The only thing I enjoy about this new vista version of windows, is the desktop look. Yet with the screen visual being my only positive, ill be sticking with my XP for this frame of time.
@darkangel079 (1498)
• United States
9 Jan 08
Windows Vista was and still is a big disappointed. It's an under dog for now until the real version comes out in 2 years - this will not be a big disappointed - Microsoft Windows 7 (Vienna) will make a bigger difference.
@vin_kmr (227)
• India
11 Jan 08
Actually Vista is good os, but it does not soot for all system configuration. it is not so user friendly as XP. and more over it take the 10gb space of the hard disk to get installed. and 1GB ram is not sufficient for that. it needs atleast 2GB Ram, with good configuration of processor and mother board, And compulsory you should have an high end processor may be Quad core or atleast Dual Core machines. but still vista has got some good advantages. the Aero feature is good, and it is very protective by virus. they had only concentrated about the graphics of the OS instead of the performance, now days i am facing problems of copying in vista, it takes lot of time than Xp. for me too Home Basic version dint do any good thing. hope the OS get full version. waiting for the New version to come.
@Arkadus (895)
• Canada
11 Jan 08
The only thing it's ever done that annoyed me is that stupid security advisor, but hat was rather easily solved. Aside from that I've only ever had one problem with something sending explorer.exe into an infinity loop of crash, restart, crash, restart... -_- Machine was still usable though, but I just reinstalled vista and it fixed up. Either way that's just the result of conflicting programs and could technically happen on any machine.
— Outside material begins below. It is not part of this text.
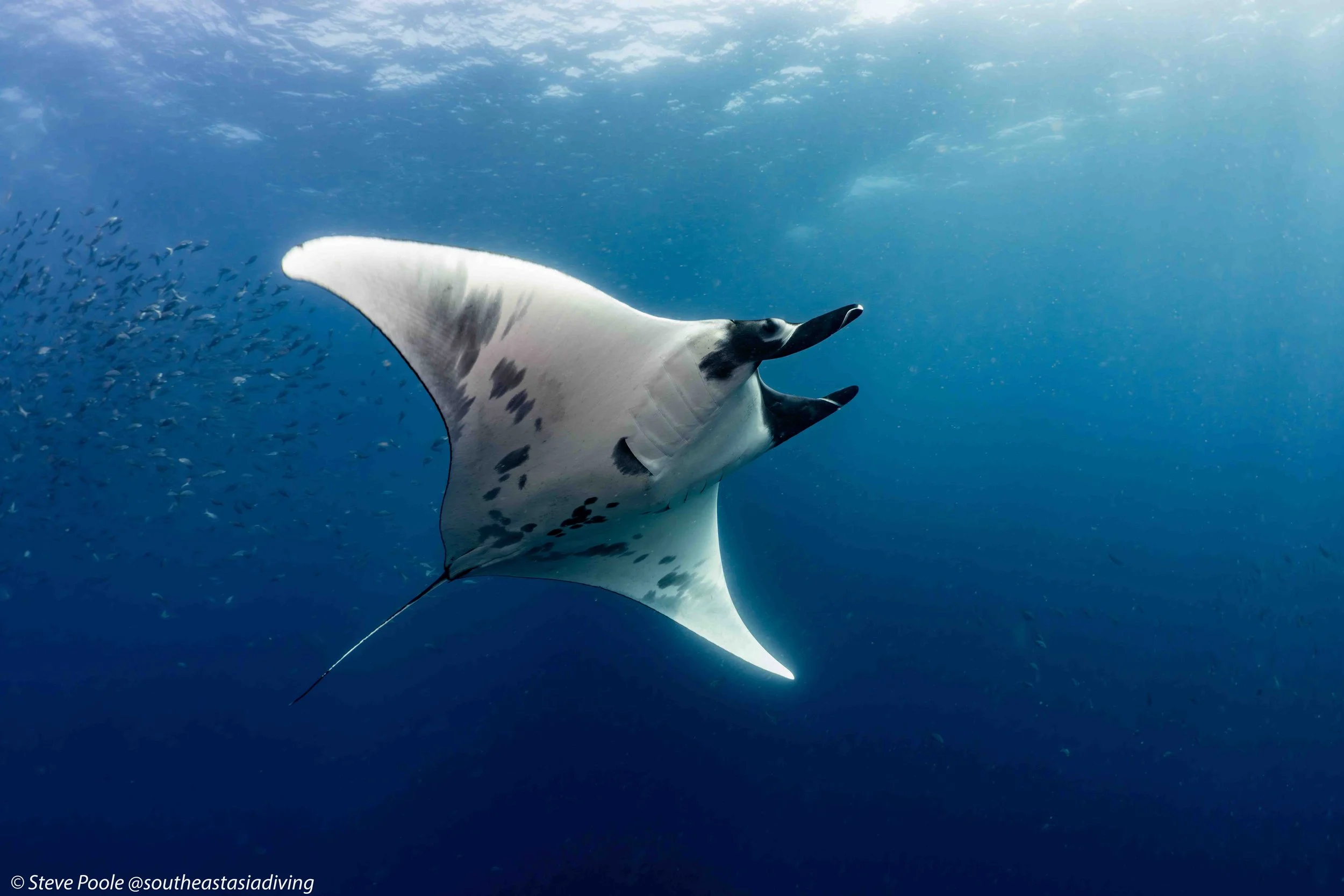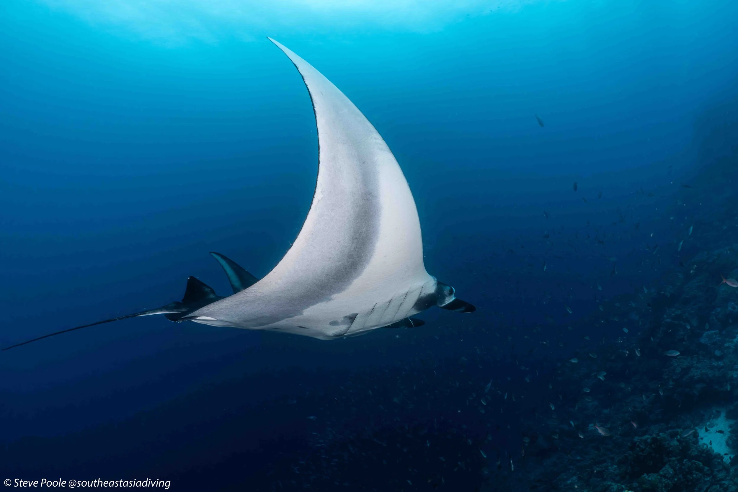 Divers in Southeast Asia may encounter two types of manta rays: reef mantas and oceanic mantas.

Even though on my other computer that's been running for several years that's never, ever happened.
@BooZzZ (139)
• Netherlands
10 Jan 08
I have to say, it isn't as bad as everyone says (especially those Mac users who never touched a REAL computer, yes you heard me.. a pentium 1 with Windows 95 can do the same stuff as a Mac). However, you do need a good computer and good hardware to be able to run Vista properly. That being said, I really think XP was better when it was released. To bad I don't really have a choice, if I want to play new games I need Vista.
@darkangel079 (1498)
• United States
11 Jan 08
Exactly! That is what I have mentioned that it takes a good set of hardware parts to run Windows Vista - at least a Core 2 Duo processor with 2GB of DDR2 RAM - does not run well with DDR RAM - and good use with SATA/SATA2 Hard Drives - not very friendly or sufficient with regular IDE Hard Drives. Thanx for the recap though!